This year, a 300-mile railway will begin slicing through Kenya, cutting travel time between the capital, Nairobi, and one of East Africa’s largest ports, Mombasa, from 12 to four hours and breeding hopes of an economic and tourism revival in the region.
The country’s most significant transportation project since its independence in 1963 is being built courtesy of China. China Road and Bridge, a state-owned enterprise, leads construction of the $13.8 billion project, which is financed nearly 100% by the Export-Import Bank of China.
The railroad is one of a host of infrastructure projects China spearheads around the world in an ambitious quest to reinforce its emergence as the world’s next economic superpower while President Trump turns his back on globalization.

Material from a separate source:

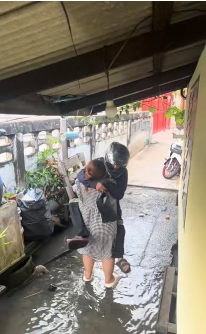 เมื่อน้ำท่วมบ้านแล้วผู้ชายมาหา เลยไม่อยากให้ผู้ชายเดินลุยน้ำก็เลยเดินลงมารับ และสิ่งที่ผู้ชายทำคือกระโดดขึ้นให้อุ้มเพื่อจะได้ไม่ต้องลุยน้ำ
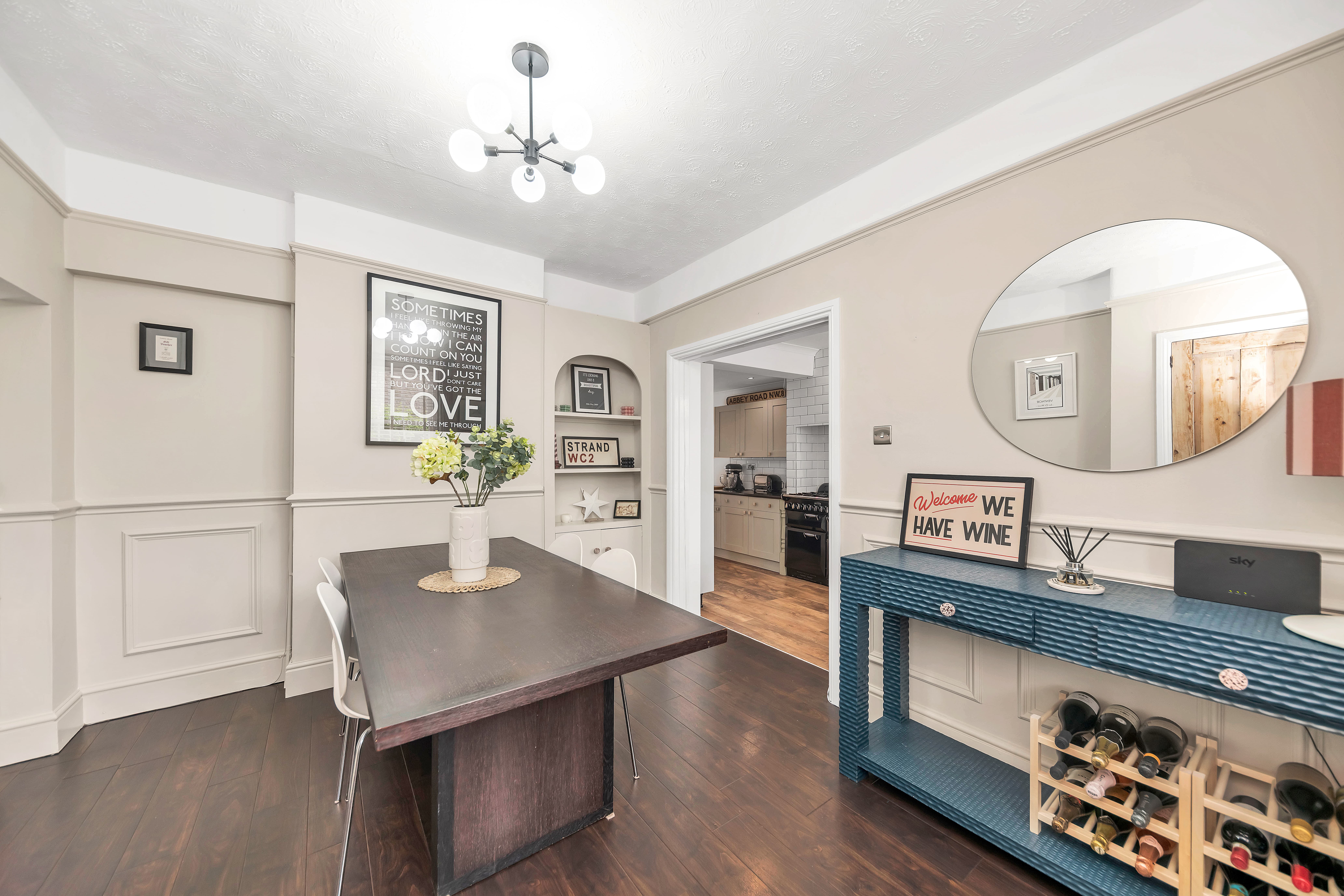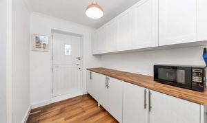 This spectacular detached family home enjoys excellent kerb appeal, with a unique and attractive frontage, front borders of decorative slate, plenty of space for potted plants, and gated side access to the rear. Upon stepping inside the front door, the entrance hallway enjoys wood flooring, pendant lighting, stairs to the first floor, and access through to the downstairs living space.

“As the U.S. becomes more insular in economic philosophy, I think it gives China one more reason to … say, ‘We are still interested, and we want to continue globalization,’ ” Kuijs said.
One of the clearest examples of the two countries’ divergent paths is Trump’s withdrawal from the Trans-Pacific Partnership, a 12-nation trade deal that excludes China, and the Asian powerhouse’s role as a dominant foreign investor in Africa, Central Asia, Latin America and the Middle East.
China’s outward foreign direct investment totaled $187.8 billion in 2015, a record and a 52.5% increase from a year earlier, according to the World Bank. Ten years ago, its outward FDI stood at about $17.2 billion. The U.S. FDI — though still significantly larger than China at $348.6 billion — grew only 1.5% year-over-year.
“I think the Chinese have realized they’re the major beneficiary of globalization,” says Pieter P. Bottelier, former chief of the Resident Mission in Beijing for the World Bank. “If the U.S. ducks out, China will take over the leadership role in globalization. And whatever happens to China, it’ll have a major impact on Americans.”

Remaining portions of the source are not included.